Map of Oklahoma counties, showing number of liquor sale permits applied for and number granted by ABLE Commission as of 4 September 1959
(2012.201.B1258.0635, Oklahoma Publishing Company Photography Collection, OHS).

"Signs of the time were being readied in this mock up liquor store in downtown Oklahoma City Thursday for a 'dry-run' inspection by state legislators and officials," June 1, 1959
(2012.201.B0373.0079, by Bob Albright, Oklahoma Publishing Company Photography Collection, OHS).

Voters lined up to vote in the liquor election, 1959
(2012.201.B0359B.0649, by Bob Albright, Oklahoma Publishing Company Photography Collection, OHS).

LIQUOR CONTROL ACT OF 1959.

In 1959 the citizens of Oklahoma voted to end the prohibition against selling wholesale and retail packaged alcoholic beverages. Prohibition had been enacted with statehood in 1907. For half a century a flourishing bootleg business had proliferated throughout the state while anti-prohibitionists launched numerous campaigns to make Oklahoma go "wet." As in the rest of the nation, the Woman's Christian Temperance Union and affiliates held sway and kept the state "dry." The Eighteenth Amendment to the U.S. Constitution, which had brought about national prohibition in 1919, was repealed in 1933 with the Twenty-first Amendment, but Oklahoma continued to prohibit the sale of intoxicants.

Increasing population mobility during the Great Depression, World War II, and the postwar decade brought about a decline in rural population, an urban shift, and a resulting change in social attitudes. Repeal advocates pressed for a statewide election to end prohibition. The gubernatorial race of 1958 made liquor an issue. Republican candidate Phil Ferguson backed repeal. His Democratic opponent, J. Howard Edmondson, did not actively oppose it, and he was elected.
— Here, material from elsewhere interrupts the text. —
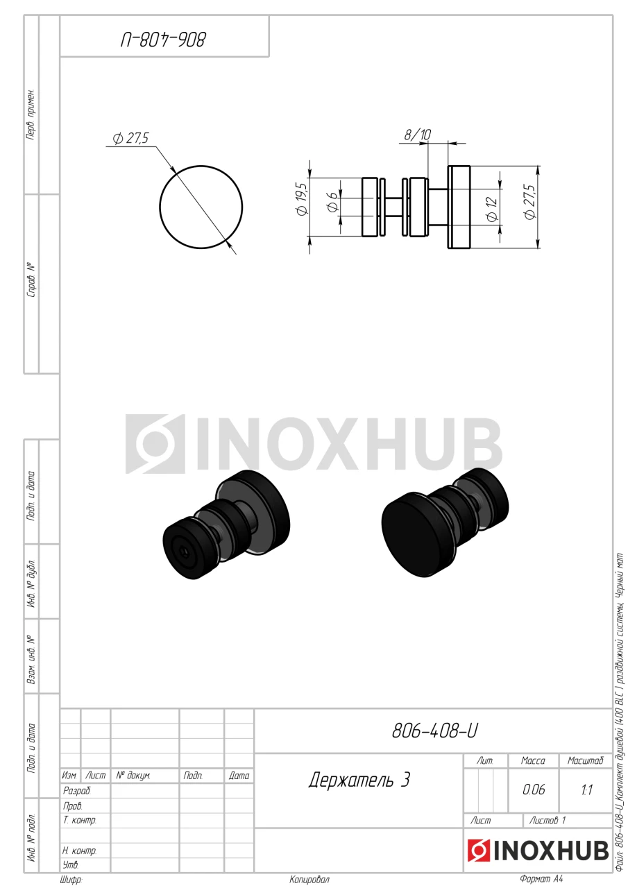 - Ручка двусторонняя тарельчатого типа диаметром 48 мм — 1 шт.

On January 5, 1959, both houses of the legislature heard appeal resolutions that would set up a special election. On April 7, 1959, Oklahomans went to their polling places and voted 396,845 to 314,380 to allow the sale of packaged liquors. On May 14 the House passed the Liquor Control Bill, and on June 17 the Senate passed the House bill with amendments, which the House approved on June 23. Governor Edmondson signed the Liquor Control Act into law on June 23.
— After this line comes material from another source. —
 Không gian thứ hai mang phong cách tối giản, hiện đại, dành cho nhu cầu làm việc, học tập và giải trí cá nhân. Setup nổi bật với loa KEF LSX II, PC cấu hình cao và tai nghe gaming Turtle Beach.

Without a code of regulations a law has no teeth; the Liquor Control Act of 1959 set up a commission to write and issue regulations for wholesale and retail outlets to follow when buying and selling their products. The Alcoholic Beverage Laws Enforcement Commission (known as the ABLE Commission) issued licenses and enforced the regulations for liquor sales and stores. Between July 1 and September 1, 1959, the commission approved 473 licenses for package sales in retail stores. At 10 a.m. on the morning of September 1, liquor stores opened their doors as legal businesses for the first time since 1907. As noted by historian Jimmie Franklin, "An entire era in Oklahoma's social and political life had been ushered out, and a new business ushered in." Subsequent legislation in 1984 allowed liquor-by-the-drink county option, and in 2018 the last of Oklahoma's "dry" counties voted to allow the sale of liquor by the drink. In 2016 the parameters of grocery store and liquor store sales were expanded by legislation, and after October 1, 2018, groceries were allowed to sell full-strength beer and wine.

Dianna Everett

Bibliography

Jimmie L. Franklin, Born Sober: Prohibition in Oklahoma, 1907–1959 (Norman: University of Oklahoma Press, 1971.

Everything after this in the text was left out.